ACTIVITY => Repeat only what runs from the line with "We determine the" through the last line of the data below, both included, keeping every word as it is and leaving out the pictures.
Start of DATA TO EXAMINE
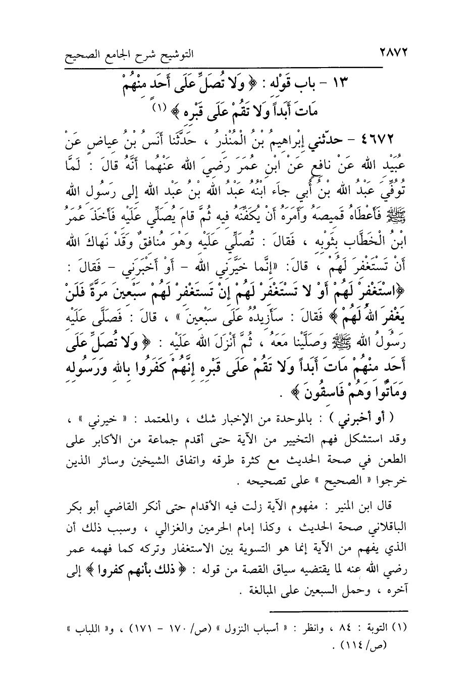 4672 - حَدَّثَنِي إِبْرَاهِيمُ بْنُ المُنْذِرِ، حَدَّثَنَا أَنَسُ بْنُ عِيَاضٍ، عَنْ عُبَيْدِ اللَّهِ، عَنْ نَافِعٍ، عَنِ ابْنِ عُمَرَ رَضِيَ اللَّهُ عَنْهُمَا، أَنَّهُ قَالَ: لَمَّا تُوُفِّيَ عَبْدُ اللَّهِ بْنُ أُبَيٍّ، جَاءَ ابْنُهُ عَبْدُ اللَّهِ بْنُ عَبْدِ اللَّهِ إِلَى رَسُولِ اللَّهِ صَلَّى اللهُ عَلَيْهِ وَسَلَّمَ فَأَعْطَاهُ قَمِيصَهُ، وَأَمَرَهُ أَنْ يُكَفِّنَهُ فِيهِ، ثُمَّ قَامَ يُصَلِّي عَلَيْهِ فَأَخَذَ عُمَرُ بْنُ الخَطَّابِ بِثَوْبِهِ، فَقَالَ: تُصَلِّي عَلَيْهِ وَهُوَ مُنَافِقٌ، وَقَدْ نَهَاكَ اللَّهُ أَنْ تَسْتَغْفِرَ لَهُمْ؟ قَالَ: " إِنَّمَا خَيَّرَنِي اللَّهُ - أَوْ أَخْبَرَنِي اللَّهُ - فَقَالَ: {اسْتَغْفِرْ لَهُمْ، أَوْ لاَ تَسْتَغْفِرْ لَهُمْ، إِنْ تَسْتَغْفِرْ لَهُمْ سَبْعِينَ مَرَّةً فَلَنْ يَغْفِرَ اللَّهُ لَهُمْ} [التوبة: 80] فَقَالَ سَأَزِيدُهُ عَلَى سَبْعِينَ " قَالَ: فَصَلَّى عَلَيْهِ رَسُولُ اللَّهِ صَلَّى اللهُ عَلَيْهِ وَسَلَّمَ وَصَلَّيْنَا مَعَهُ، ثُمَّ أَنْزَلَ اللَّهُ عَلَيْهِ: {وَلاَ تُصَلِّ عَلَى أَحَدٍ مِنْهُمْ مَاتَ أَبَدًا، وَلاَ تَقُمْ عَلَى قَبْرِهِ إِنَّهُمْ كَفَرُوا بِاللَّهِ وَرَسُولِهِ، وَمَاتُوا وَهُمْ فَاسِقُونَ} [التوبة: 84].
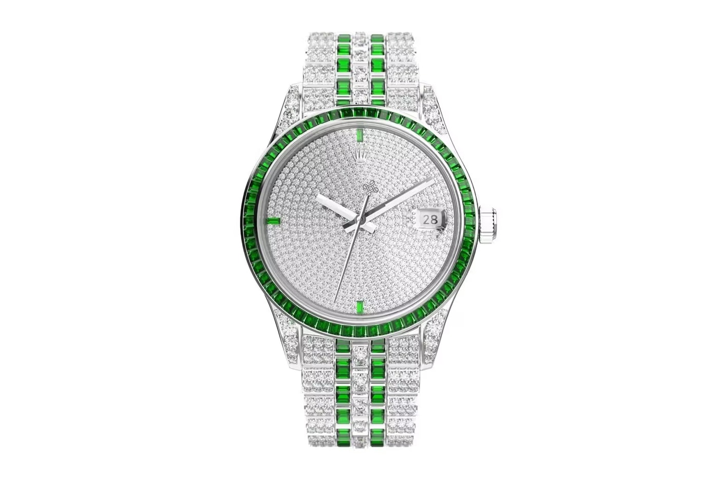彼らが今回カスタムしたのは、Daytona(デイトナ)やSubmariner(サブマリーナ)、Datejust(デイトジャスト)といった〈Rolex〉を象徴するモデルの数々。まずDaytonaは、ソルベ・ココナッツ・セラミック・コーティングを施した1本。SubmarinerはスチールDLC(ダイヤモンドライクカーボン)コーティング加工されており、マットなブラックのボディがクールな印象に。そしてDatejustは8カラットのホワイトダイヤモンドとグリーンサファイアを全面に散りばめ、ラグジュアリー仕様にアレンジ。その他にはパシフィックブルーのセラミックコーティングを施したモデルなども用意され、他にはないユニークなカスタムが魅力のコレクションとなっている。
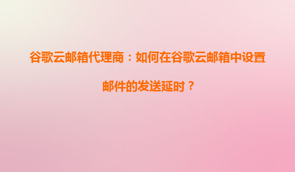 谷歌云邮箱代理商:如何在谷歌云邮箱中设置邮件的发送延时? 引言 在当今快节奏的商业环境中,邮件通信的时效性至关重要。然而,某些情况下,您可能需要延迟发送邮件,以确保邮件在最佳时间送达收...
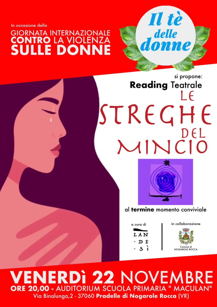 – Venerdì 22 novembre, ore 20.00: Presso l’Auditorium della Scuola Primaria di Pradelle, si terrà lo spettacolo teatrale “Le Streghe del Mincio”, una narrazione teatrale a due voci a cura del collettivo Lan-de-si Aps di Mantova, promosso dall’Associazione “Il Tè delle Donne“.
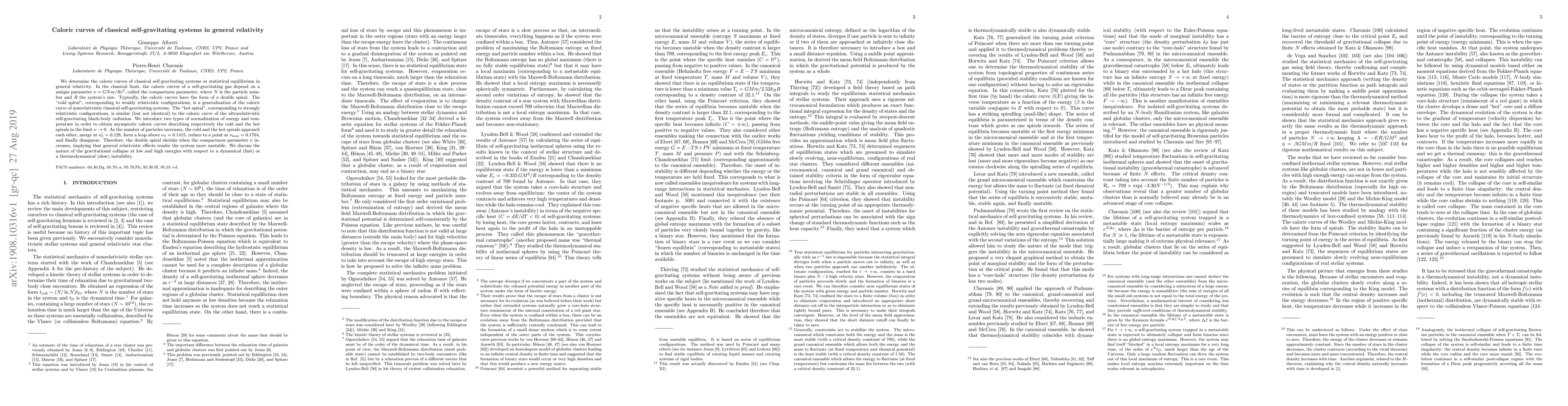 We determine the caloric curves of classical self-gravitating systems at statistical equilibrium in general relativity. In the classical limit, the caloric curves of a self-gravitating gas depend on a unique parameter $\nu=GNm/Rc^2$, called the compactness parameter, where $N$ is the particle number and $R$ the system's size. Typically, the caloric curves have the form of a double spiral. The "cold spiral", corresponding to weakly relativistic configurations, is a generalization of the caloric curve of nonrelativistic classical self-gravitating systems. The "hot spiral'", corresponding to strongly relativistic configurations, is similar (but not identical) to the caloric curve of the ultrarelativistic self-gravitating black-body radiation. We introduce two types of normalization of energy and temperature in order to obtain asymptotic caloric curves describing respectively the cold and the hot spirals in the limit $\nu\rightarrow 0$. As the number of particles increases, the cold and the hot spirals approach each other, merge at $\nu'_S=0.128$, form a loop above $\nu_S=0.1415$, reduce to a point at $\nu_{\rm max}=0.1764$, and finally disappear. Therefore, the double spiral shrinks when the compactness parameter $\nu$ increases, implying that general relativistic effects render the system more unstable. We discuss the nature of the gravitational collapse at low and high energies with respect to a dynamical (fast) or a thermodynamical (slow) instability.
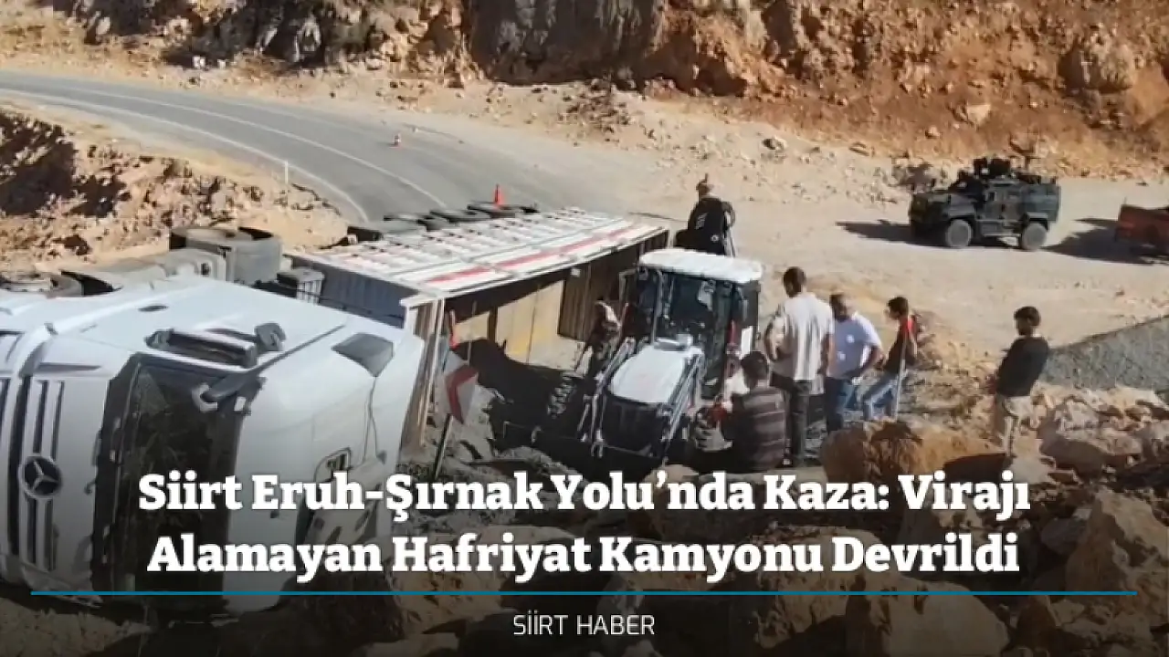 - Siirt Eruh-Şırnak Yolu'nda Kaza: Virajı Alamayan Hafriyat Kamyonu Devrildi
End of DATA TO EXAMINE
YOUR SOLUTION =>
 We determine the caloric curves of classical self-gravitating systems at statistical equilibrium in general relativity. In the classical limit, the caloric curves of a self-gravitating gas depend on a unique parameter $\nu=GNm/Rc^2$, called the compactness parameter, where $N$ is the particle number and $R$ the system's size. Typically, the caloric curves have the form of a double spiral. The "cold spiral", corresponding to weakly relativistic configurations, is a generalization of the caloric curve of nonrelativistic classical self-gravitating systems. The "hot spiral'", corresponding to strongly relativistic configurations, is similar (but not identical) to the caloric curve of the ultrarelativistic self-gravitating black-body radiation. We introduce two types of normalization of energy and temperature in order to obtain asymptotic caloric curves describing respectively the cold and the hot spirals in the limit $\nu\rightarrow 0$. As the number of particles increases, the cold and the hot spirals approach each other, merge at $\nu'_S=0.128$, form a loop above $\nu_S=0.1415$, reduce to a point at $\nu_{\rm max}=0.1764$, and finally disappear. Therefore, the double spiral shrinks when the compactness parameter $\nu$ increases, implying that general relativistic effects render the system more unstable. We discuss the nature of the gravitational collapse at low and high energies with respect to a dynamical (fast) or a thermodynamical (slow) instability.
 - Siirt Eruh-Şırnak Yolu'nda Kaza: Virajı Alamayan Hafriyat Kamyonu Devrildi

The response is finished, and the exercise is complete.